General information and Q&A

  1. Signal density
  2. Molecule length / Segment length / signal density distribution
  3. Data visualization
  4. Perform alignment (if reference is available)

Signal density

Theoretically, the detected signal density should be close to the expected signal density in the experimental design stage. If you see exceptionally low or high signal density, you are unlucky because there is a high chance that something in your data set goes wrong. In this case, you should proceed to check whether such abnormal signal density is attributed to all or small portion of optical maps. If it is the latter case, you may still have a chance to rescue your data set by filtering out the erroneous portion of optical maps, though this is not recommended if you have enough data coverage from other experimental runs on the same sample.

Abnormal molecule length / segment length / signal density distributions

The next step is to check for unpredicted systematic errors in your data set. Systematic errors can be detected partly by abnormal distribution of signal density, segment length and molecule length. However, sometimes you will only detect the systematic error by manually visualizing the optical maps.

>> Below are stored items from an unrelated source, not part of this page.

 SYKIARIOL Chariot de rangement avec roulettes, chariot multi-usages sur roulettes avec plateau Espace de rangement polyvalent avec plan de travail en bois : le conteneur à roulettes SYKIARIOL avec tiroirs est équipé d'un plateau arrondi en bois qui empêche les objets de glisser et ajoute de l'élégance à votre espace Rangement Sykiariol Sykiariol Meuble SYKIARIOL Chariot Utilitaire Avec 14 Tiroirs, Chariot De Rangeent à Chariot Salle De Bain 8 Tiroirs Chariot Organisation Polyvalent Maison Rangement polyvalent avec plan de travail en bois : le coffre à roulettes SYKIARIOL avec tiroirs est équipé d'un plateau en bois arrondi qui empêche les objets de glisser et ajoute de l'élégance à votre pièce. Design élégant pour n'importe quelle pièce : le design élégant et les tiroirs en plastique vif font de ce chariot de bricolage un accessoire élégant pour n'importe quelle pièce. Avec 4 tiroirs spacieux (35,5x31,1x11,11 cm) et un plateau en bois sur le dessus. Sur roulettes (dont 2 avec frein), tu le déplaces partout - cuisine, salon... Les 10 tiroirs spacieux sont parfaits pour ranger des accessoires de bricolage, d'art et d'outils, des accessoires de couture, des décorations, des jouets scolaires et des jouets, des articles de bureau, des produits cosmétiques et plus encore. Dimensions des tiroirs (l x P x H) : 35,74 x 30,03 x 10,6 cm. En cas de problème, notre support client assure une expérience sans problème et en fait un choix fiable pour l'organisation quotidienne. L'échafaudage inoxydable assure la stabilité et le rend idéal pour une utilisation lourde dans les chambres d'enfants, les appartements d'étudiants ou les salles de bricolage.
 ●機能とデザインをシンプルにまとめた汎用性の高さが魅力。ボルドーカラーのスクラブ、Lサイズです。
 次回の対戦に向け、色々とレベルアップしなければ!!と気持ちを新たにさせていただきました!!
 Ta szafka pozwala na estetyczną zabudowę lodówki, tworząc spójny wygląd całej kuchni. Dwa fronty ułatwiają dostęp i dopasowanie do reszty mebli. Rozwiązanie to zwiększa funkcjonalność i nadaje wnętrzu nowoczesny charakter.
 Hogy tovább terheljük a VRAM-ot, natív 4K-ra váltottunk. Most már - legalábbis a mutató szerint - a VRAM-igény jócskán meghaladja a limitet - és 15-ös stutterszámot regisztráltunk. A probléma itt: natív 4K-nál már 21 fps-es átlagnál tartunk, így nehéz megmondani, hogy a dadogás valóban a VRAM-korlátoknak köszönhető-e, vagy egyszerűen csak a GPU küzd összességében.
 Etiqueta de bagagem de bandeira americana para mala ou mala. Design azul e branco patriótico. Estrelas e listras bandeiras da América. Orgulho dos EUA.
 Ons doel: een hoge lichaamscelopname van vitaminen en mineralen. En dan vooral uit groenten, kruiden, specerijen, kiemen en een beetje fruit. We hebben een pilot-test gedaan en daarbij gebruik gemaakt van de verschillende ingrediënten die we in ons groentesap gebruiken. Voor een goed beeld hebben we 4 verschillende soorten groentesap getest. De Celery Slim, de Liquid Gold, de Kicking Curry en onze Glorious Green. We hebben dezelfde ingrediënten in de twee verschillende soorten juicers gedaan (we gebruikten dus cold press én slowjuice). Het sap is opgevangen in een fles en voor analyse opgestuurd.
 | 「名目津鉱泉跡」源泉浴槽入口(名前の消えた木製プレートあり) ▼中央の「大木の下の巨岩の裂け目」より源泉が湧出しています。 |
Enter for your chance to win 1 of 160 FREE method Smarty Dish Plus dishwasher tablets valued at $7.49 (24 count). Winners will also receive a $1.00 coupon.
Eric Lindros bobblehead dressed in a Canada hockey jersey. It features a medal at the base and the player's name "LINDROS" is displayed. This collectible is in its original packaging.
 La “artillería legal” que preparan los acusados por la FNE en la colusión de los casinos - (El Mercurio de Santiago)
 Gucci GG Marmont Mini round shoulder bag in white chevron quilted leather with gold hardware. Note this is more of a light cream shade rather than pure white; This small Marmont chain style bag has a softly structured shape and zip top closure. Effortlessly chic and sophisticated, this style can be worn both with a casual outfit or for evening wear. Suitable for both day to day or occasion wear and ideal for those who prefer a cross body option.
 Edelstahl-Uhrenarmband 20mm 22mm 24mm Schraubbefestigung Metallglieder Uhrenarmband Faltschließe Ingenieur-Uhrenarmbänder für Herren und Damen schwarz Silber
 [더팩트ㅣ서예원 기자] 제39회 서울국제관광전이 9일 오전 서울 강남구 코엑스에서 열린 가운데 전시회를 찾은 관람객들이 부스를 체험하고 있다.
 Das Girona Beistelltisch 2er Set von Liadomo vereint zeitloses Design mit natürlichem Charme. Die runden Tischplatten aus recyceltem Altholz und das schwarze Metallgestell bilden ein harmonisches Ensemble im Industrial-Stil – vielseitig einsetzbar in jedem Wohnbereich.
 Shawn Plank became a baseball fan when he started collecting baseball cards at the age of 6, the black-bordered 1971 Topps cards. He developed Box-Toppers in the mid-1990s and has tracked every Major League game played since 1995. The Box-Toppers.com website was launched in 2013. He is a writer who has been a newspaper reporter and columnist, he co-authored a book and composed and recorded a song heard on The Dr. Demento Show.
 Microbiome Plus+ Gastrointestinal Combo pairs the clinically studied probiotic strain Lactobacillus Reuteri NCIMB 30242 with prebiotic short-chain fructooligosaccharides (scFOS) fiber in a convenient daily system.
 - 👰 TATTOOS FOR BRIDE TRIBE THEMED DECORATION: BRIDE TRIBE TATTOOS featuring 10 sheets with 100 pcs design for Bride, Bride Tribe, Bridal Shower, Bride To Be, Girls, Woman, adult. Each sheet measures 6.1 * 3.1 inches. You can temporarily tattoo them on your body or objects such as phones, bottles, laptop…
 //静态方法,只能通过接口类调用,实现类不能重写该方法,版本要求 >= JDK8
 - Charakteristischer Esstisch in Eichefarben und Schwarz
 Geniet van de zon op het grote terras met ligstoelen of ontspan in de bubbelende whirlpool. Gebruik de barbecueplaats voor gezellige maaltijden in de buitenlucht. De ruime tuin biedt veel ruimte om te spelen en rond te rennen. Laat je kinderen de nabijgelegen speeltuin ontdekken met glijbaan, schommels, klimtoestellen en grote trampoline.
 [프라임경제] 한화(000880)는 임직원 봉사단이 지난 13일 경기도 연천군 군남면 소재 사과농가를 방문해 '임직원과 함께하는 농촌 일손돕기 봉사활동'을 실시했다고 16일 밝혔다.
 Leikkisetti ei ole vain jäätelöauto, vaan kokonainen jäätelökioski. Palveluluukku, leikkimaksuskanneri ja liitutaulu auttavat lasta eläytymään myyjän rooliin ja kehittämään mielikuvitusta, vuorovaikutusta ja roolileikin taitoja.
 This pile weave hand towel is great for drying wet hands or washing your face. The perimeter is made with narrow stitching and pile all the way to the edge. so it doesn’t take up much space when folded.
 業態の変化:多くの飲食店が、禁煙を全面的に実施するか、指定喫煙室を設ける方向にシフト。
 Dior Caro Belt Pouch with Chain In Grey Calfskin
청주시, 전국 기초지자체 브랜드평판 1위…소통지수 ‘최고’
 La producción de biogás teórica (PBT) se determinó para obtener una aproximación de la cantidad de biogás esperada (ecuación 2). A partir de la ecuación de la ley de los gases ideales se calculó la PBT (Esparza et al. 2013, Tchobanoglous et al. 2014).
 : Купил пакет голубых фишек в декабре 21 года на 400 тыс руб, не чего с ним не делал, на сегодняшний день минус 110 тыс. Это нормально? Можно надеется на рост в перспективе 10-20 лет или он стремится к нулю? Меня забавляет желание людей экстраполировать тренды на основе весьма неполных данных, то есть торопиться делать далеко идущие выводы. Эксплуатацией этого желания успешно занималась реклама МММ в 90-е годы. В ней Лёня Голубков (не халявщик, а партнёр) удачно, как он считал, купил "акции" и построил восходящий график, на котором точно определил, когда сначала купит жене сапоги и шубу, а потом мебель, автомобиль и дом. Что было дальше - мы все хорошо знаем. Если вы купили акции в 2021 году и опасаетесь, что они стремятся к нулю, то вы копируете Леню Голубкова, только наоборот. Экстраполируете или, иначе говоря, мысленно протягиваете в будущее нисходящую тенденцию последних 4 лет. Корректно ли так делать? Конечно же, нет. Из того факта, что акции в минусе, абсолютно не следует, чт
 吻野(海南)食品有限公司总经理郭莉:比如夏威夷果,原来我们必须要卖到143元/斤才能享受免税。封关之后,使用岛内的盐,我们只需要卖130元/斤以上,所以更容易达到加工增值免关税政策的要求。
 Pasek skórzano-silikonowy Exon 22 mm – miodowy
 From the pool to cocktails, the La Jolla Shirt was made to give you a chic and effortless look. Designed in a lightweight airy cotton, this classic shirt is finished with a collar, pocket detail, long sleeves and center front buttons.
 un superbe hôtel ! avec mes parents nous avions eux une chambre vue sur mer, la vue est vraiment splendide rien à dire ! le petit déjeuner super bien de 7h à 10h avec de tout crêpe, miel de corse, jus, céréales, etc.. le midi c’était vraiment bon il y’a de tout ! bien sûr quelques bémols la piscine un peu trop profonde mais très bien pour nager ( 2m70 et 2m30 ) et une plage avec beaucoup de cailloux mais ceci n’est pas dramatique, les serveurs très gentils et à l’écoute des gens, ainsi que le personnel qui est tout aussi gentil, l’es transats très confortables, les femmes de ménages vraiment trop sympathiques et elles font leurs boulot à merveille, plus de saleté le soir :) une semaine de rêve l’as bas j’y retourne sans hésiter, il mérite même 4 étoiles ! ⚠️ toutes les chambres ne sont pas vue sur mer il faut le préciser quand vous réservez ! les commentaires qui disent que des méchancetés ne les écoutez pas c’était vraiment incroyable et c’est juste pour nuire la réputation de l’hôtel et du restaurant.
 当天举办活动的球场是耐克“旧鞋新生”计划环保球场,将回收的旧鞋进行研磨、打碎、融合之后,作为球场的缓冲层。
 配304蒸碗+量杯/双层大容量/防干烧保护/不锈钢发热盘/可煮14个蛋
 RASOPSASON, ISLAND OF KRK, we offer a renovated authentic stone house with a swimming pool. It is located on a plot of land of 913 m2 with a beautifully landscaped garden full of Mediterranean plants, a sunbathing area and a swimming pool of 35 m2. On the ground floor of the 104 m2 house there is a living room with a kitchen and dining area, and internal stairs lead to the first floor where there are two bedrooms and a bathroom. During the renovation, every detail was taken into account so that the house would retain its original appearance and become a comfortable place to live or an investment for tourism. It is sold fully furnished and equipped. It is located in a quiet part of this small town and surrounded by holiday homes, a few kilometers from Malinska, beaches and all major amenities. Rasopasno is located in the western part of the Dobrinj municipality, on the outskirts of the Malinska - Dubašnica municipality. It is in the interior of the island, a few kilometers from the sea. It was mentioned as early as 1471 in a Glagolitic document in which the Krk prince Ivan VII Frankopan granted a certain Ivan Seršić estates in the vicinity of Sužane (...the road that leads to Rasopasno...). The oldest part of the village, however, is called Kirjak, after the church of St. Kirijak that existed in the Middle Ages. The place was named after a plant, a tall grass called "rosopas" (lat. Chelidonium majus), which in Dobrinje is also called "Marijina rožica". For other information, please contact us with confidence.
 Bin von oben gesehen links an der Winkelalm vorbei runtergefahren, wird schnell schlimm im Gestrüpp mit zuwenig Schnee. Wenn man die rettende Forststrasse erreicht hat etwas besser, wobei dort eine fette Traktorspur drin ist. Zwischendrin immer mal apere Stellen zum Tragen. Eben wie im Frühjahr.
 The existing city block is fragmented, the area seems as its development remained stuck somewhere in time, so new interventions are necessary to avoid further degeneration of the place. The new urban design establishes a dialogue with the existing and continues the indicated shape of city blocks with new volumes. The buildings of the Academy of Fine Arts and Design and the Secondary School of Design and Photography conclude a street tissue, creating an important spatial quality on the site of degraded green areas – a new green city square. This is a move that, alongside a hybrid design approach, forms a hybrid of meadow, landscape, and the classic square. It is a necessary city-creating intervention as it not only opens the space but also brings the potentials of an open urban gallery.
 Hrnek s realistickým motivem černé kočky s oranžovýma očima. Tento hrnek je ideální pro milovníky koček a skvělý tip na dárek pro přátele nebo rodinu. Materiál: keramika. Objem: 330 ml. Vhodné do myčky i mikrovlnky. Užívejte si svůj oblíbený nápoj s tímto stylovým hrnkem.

Visualizations and abnormal patterns

Even statistics of your data set looks normal, you should also sample some molecules for visualization. Occasionally, there is a chance you can still observe molecules with strange behavior.

Duplicated molecules

Rarely, we detect duplicated molecules – the same set of DNA molecules that are processed twice. As a consequence, some DNA molecules will be represented by two nearly identical entries in the same data set. We could not identify the exact source of errors (For example, instrument imaging software bug, image processing bug, or even human error could all be the reason behind). Even they may not affect the outcomes significantly, it is always safe to take precaution of checking and removing any duplications.

Alignment

If you have a decent reference for your species, it is desirable to align the molecules onto the reference as a quality assessment measure. The mapping rate is one of the most useful indicators on data quality. Depending on the reference quality, alignment software and parameters, the expected mapping rate could range from 30% to 80%. A low expected mapping rate could be attributed to a wide range of factors, including a larger and more complex genome, low-quality genomes (short sequence scaffolds, scaffolds with many mis-assemblies), sub-optimal signal density.

Quick commands

Basic steps for quality assessment

Check if the data set has duplicated entries. Do the quality check by looking at the molecule length, segment length and signal density distribution. Finally generate the data coverage report.

java -jar OMTools.jar DuplicatedMoleculesDetection --optmapin Sample1.bnx --dupout sample1_duplicated.txt --thread 40

java -jar OMTools.jar DuplicatedMoleculesDetection --optmapin Sample2.bnx --dupout sample2_duplicated.txt --thread 40

java -jar OMTools.jar DuplicatedMoleculesDetection --optmapin Sample3.bnx --dupout sample3_duplicated.txt --thread 40

java -jar OMTools.jar DataQualityCheck --optmapin Sample1.bnx Sample2.bnx Sample3.bnx --prefix SampleQualityCheck_

java -jar OMTools.jar DataStatistics --optmapin Sample1.bnx Sample2.bnx Sample3.bnx --statout SampleStat.txt

Additional steps for quality assessment of BNX data

Separate the bnx data for data quality check per scan.

java -jar OMTools.jar SeparateBNXScan --optmapin Sample1.bnx --prefix Scan

java -jar OMTools.jar DataQualityCheck --optmapin Scan1.bnx Scan2.bnx Scan3.bnx Scan4.bnx --gradcolor true --prefix SampleScanQualityCheck_

Detailed commands

java -jar OMTools.jar DuplicatedMoleculesDetection --optmapin Sample.bnx --dupout sample_duplicated.txt --thread 40

This command detects duplicated molecules from the sample. The file sample_duplicated.txt should contain none of the molecules. (Rarely you may have one to two molecules by random given you have very high data coverage)

Data quality check aims at checking for abnormal signal density, segment length, and molecule length. A filtered sample data file should be used.

java -jar OMTools.jar DataQualityCheck --optmapin Sample1.bnx Sample2.bnx Sample3.bnx --prefix SampleQualityCheck_

This command performs data quality check and outputs 3 graphs: SampleQualityCheck_LengthDistribution.png, SampleQualityCheck_SegmentLengthDistribution.png, and SampleQualityCheck_SignalDensityDistribution.png.E

java -jar OMTools.jar DataQualityCheck --optmapin Scan1.bnx Scan2.bnx Scan3.bnx --name Scan1 Scan2 Scan3 --gradcolor true --prefix SampleQualityCheck_

This command performs data quality check and rename the sample to “Scan1”, “Scan2” and “Scan3”. Gradient color is used in the output graph.